He closed his eyes and took a breath. "Okay. But you're going to think I'm crazy. So please suspend your disbelief. Just until the end."

Myagi looked gratified as he knelt down and passing the steaming bowl to Sendoh. "Not a doubting bone in my body," he promised.

Sendoh didn't believe that, but he took a breath, and wondered where he was supposed to begin.

He explained everything he knew, from the slaughter of his family, awakening to the sense, receiving Innocence, and growing up as a slayer in Anzai's tavern with Ikegami, to meeting Kaede in the chaos of the gate and the deaths of his friends. He described Yoku, tried to describe Mitsui, and explain the two brothers' unnatural skill. He spoke of Sakuragi Hanamichi, his huge marble hall and his velvet throne, his giant blade, his terrible power and the obsession that had tormented him. He described how it had felt to die, pierced by a sword through his heart. He spoke up to the last moment when he'd left Kaede beside Sakuragi's fading body.

He found it cathartic. Myagi listened in fascination. Sendoh felt like a voyeur to his tale, seeing it from the outside for the first time. He tried to describe the intensity of his love for Kaede. How he'd felt some draw or some pull between them, right from the start. He saw the shock on Myagi's face as he explained his actions, the way he'd felt, how he'd intended to give his life in exchange for Kaede's freedom. In the midst of everything, it had never been easy to see the extent of his feelings, caught up in the whirlwind of emotion. But now, as he gave it voice, he became aware that it was powerful.

By the time he finished the whole story, the night had already drawn on, and the room was dark.

Myagi was silent for a moment, then gave a huge aching stretch. "Well, I've gotta admit I thought you were either lying or crazy at the start, " he cast his eyes over Sendoh. "Do you still think it's all a lie?"

"What do you mean?" Sendoh asked blankly.

"You said at the start: you feel like your life has been a lie."

"Oh. But I meant-" Sendoh paused, and frowned. What had he meant? That for every swing he'd ever made, every life and death encounter with demons he'd faced growing up, he'd been sheltered by Kaede all along? That he felt reduced, maybe even embarrassed, by it?

Yes, that was part of his discomfort.
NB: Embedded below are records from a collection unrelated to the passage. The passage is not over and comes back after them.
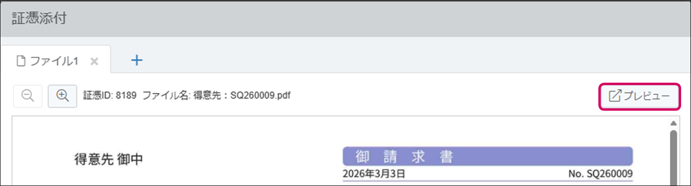 4. 添付したい証憑のファイル名をクリックすると、左側に該当の証憑が表示されます。ファイル内容に問題がなければ、ファイル名の並びにある「+」ボタンで登録します。
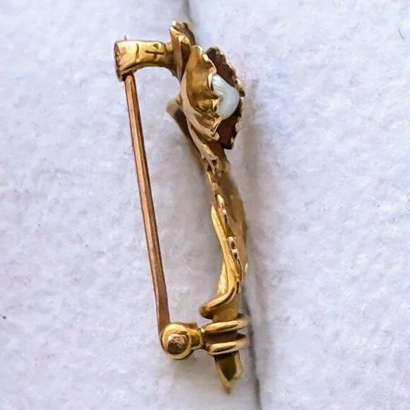 Sign up forusing my code TRAVELINGFROG to get $10 off your first purchase!Beautiful Antique Victorian solid 14K Yellow Gold White Seed Pearl Flower C Clasp Brooch Pin about 2 grams (marked "14" with K faded" and acid tested). It is in great antique pre-owned condition and measures about 25mm in length by 11mm (widest).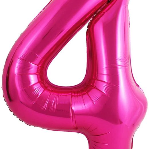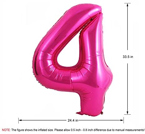 40 Inch Pink Large Numbers Balloons 4 Birthday Party Decorations Supplies Helium Foil Mylar Big Number Balloon Digital 0-9(Bright Pink number 4)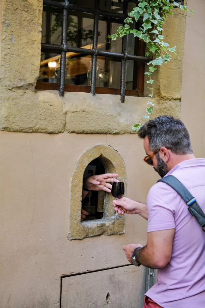 Buchette del vino. Vin rett ut fra veggen er en ting! Under pandemien ble de gamle lukene som før ble brukt til å selge vinflasker til lokalbefolkningen tatt i bruk. Litt med samme hensikt: Å unngå smitte. Før i tiden (1630-1633) var det også en måte å selge vin på uten å åpne butikk, og dermed slippe å betale skatt. Vinvinduene finnes det mange av, men mange er ikke i bruk, da de tilhører private huseiere. (Det er i alt 180 av dem, faktisk). Men noen er i bruk. Du banker på luken, forteller hva du vil ha, og vipps kommer en hånd ut av luken med det du har bestilt. Kult, ikke sant? De fleste vinvinduene finner du i området Santo Spirito. Men for å hjelpe deg litt på veien, kan jeg røpe navnene til noen serveringssteder som praktiserer vin-ut-av-veggen-servering: Babae, Belle Donne, DiVin Boccone, Il Latini (der jeg var), Vivoli (der ville jeg heller ha bestilt deres velkjente affogato servert i kopp), Cantina dei Pucci osv.

But there were... other things. Things more concerning.

"What about the way you feel about him?" Myagi asked curiously. "Is that false too?"

Sendoh visibly hesitated. "I... I don't know," he realised.

"It sounds like you were possessed," Myagi pointed out. "The sword, the connection between the two of you. Seems powerful. Maybe dangerous. How do you know if what you feel is real or whether you're under some kind of spell?"

Sendoh struggled to answer. "I... don't," he admitted. "But... I-"

Myagi waited, but Sendoh trailed off and gazed down at his own hands, his eyes confused and uncertain. Was it… fake? Were his feelings being manipulated? Somehow? By... the sword? Or...?He lifted his hand and tapped his chest, right above his heart, as if he could test its authenticity. He had left him there. He had wanted to get away from it. He had needed to get away.

But he meant to return. He wanted to return. But he also wanted to be able to look Kaede in the eye and offer him more than his confusion. He was afraid of the truth; that he was diminished and irrelevant. And the rest - the rest was still full of shadows. And Kaede... Kaede was the most uncertain thing of all.

What he was. What he is. What he isn't.

Perhaps I... never really knew him at all.

He slowly shook his head.

"It's real," he decided quietly.

There's no place in this world for me except by his side. I... know that. I want that. But even so, I have to come to terms with the fact that his world is boundless and timeless, and mine is narrow, like a cage.

Sendoh sighed. "Kaede is..." he hesitated. "Kaede is..." he tried to explain, but he struggled to find any words at all. What meagre breathes of sound could possibly encompass what Kaede is? Did he even know himself?

I watched him transform, he recalled. I watched him become something divine. And yet he was something monstrous. A thing of death and beauty and distant worlds. A thing I could never hope to possess even if I spent a lifetime loving him.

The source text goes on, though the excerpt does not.